Equivalence Relation and Group Homomorphism

Question

Let $\phi: G_1 \rightarrow G_2$ be a group homomorphism. Let $K$ = {$g$ | $f(g) = e_2$}, where $e_2$ is the identity element of $G_2$. Let $R$ be the equivalence relation s.t. $aRb$ if $f(a) = f(b)$ for some map $f: X \rightarrow Y$. Show that $g_1 R g_2$ if and only if $g_1 ^{-1} g_2 \in K$.

How do I show that this is true? We start with $\phi(g_1$) = $\phi(g_2$), right? But how does that relate to $K$? What I have so far is:

If $g_1 ^{-1} g_2 \in K$, then $\phi(g_1 ^{-1} g_2)$ = $e_2$. By the homomorphic property, $\phi(g_1 ^{-1} g_2)$ = $\phi(g_1 ^{-1}$)$\phi(g_2)$ = $e_2$. But this is where I get stuck.
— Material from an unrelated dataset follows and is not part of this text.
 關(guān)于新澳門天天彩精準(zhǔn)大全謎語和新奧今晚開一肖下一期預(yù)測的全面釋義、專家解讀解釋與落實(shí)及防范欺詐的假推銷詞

Any help would be great. Thank you.

Answer 1

If you want to show it yourself, the trick is seeing that $\phi(g^n) = \phi(g)^n$ (for $n\in\mathbb Z$, and importantly for $n = -1$).
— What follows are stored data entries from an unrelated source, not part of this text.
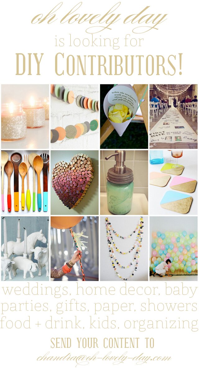 While I have lots of ideas and fun things to share, we’re also looking for content submissions for Lovely Ever After. Do you have an inner Martha dying to come out? Are you a mom with lots of tips on all things baby? Are you a newlywed (or an old-married like me) with tips for keeping the honeymoon going into your marriage? Oh Lovely Day wants to hear from you.
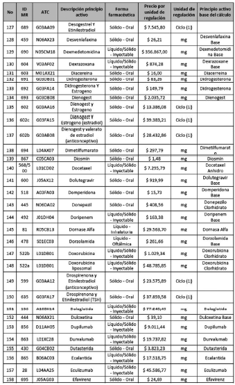 Que la Comisión Nacional de Precios de Medicamentos y Dispositivos Médicos (CNPMDM) evidenció que los mercados relevantes ID 98 correspondiente al principio activo insulina lispro con forma farmacéutica líquido-sólido inyectable para el CUM 224030-7; e ID 701 correspondiente al principio activo estriol con forma farmacéutica semisólido-vaginal para los CUM 19997491-5 y 19997491-6, y serán eliminados por pertenecer a muestras médicas según lo reportado en el registro sanitario expedido por el INVIMA.
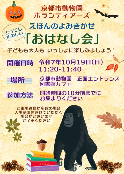 2025年10月19日(日)京都市動物園ボランティアーズによる絵本の読み聞かせイベント~絵本のおはなし会~

I've included both proofs below:

$f(a) = f(b)\implies b^{-1}a\in K$

If you assume that $f(a) = f(b)$ for some map $f$, then we have that $f(b)\in Y$, a group, so $f(b)^{-1}$ is sensible. We can left multiply by this to get that $f(b)^{-1}f(a) = e_2$, then use the homomorphism property to get that $f(b^{-1}a) = e_2$, so $b^{-1}a\in K$.
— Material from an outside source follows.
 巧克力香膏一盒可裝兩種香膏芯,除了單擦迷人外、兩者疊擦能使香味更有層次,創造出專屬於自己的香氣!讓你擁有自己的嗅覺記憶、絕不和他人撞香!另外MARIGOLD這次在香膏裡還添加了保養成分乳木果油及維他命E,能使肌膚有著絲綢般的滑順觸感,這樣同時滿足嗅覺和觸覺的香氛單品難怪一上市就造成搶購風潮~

$b^{-1}a\in K\implies f(a) = f(b)$

Now, assume that $g_1^{-1}g_2\in K$. Then, we have that $f(g_1^{-1}g_2) = e_2$. We can apply the homomorphism property to get that $f(g_1)^{-1}f(g_2) = e_2$, and now left multiply by $f(g_1)$ to get that $f(g_2) = f(g_1)$, so $g_2Rg_1$, as desired.

For a proof of $\phi(g^n) = \phi(g)^n$, see below:

For $n\in\mathbb N$, you can do a simple induction on the homomorphism property. The same follows for $n\leq 0$ once you've established that $\phi(g^{-1}) = \phi(g)^{-1}$. To see this, note that $e = \phi(e) = \phi(gg^{-1}) = \phi(g)\phi(g^{-1})$. As $\phi(g)$ and $\phi(g^{-1})$ multiply to the identity, they must be inverses. As inverses are unique, we can denote $\phi(g)^{-1} = \phi(g^{-1})$.

Answer 2

Note that $\phi(g^{-1})=\phi(g)^{-1}$ and $\phi(e_1)=e_2$, which should be easy to verify on your own. Applying either of these facts to what you already figured out should immediately give you the conclusion.

And more generally what Mark says is true.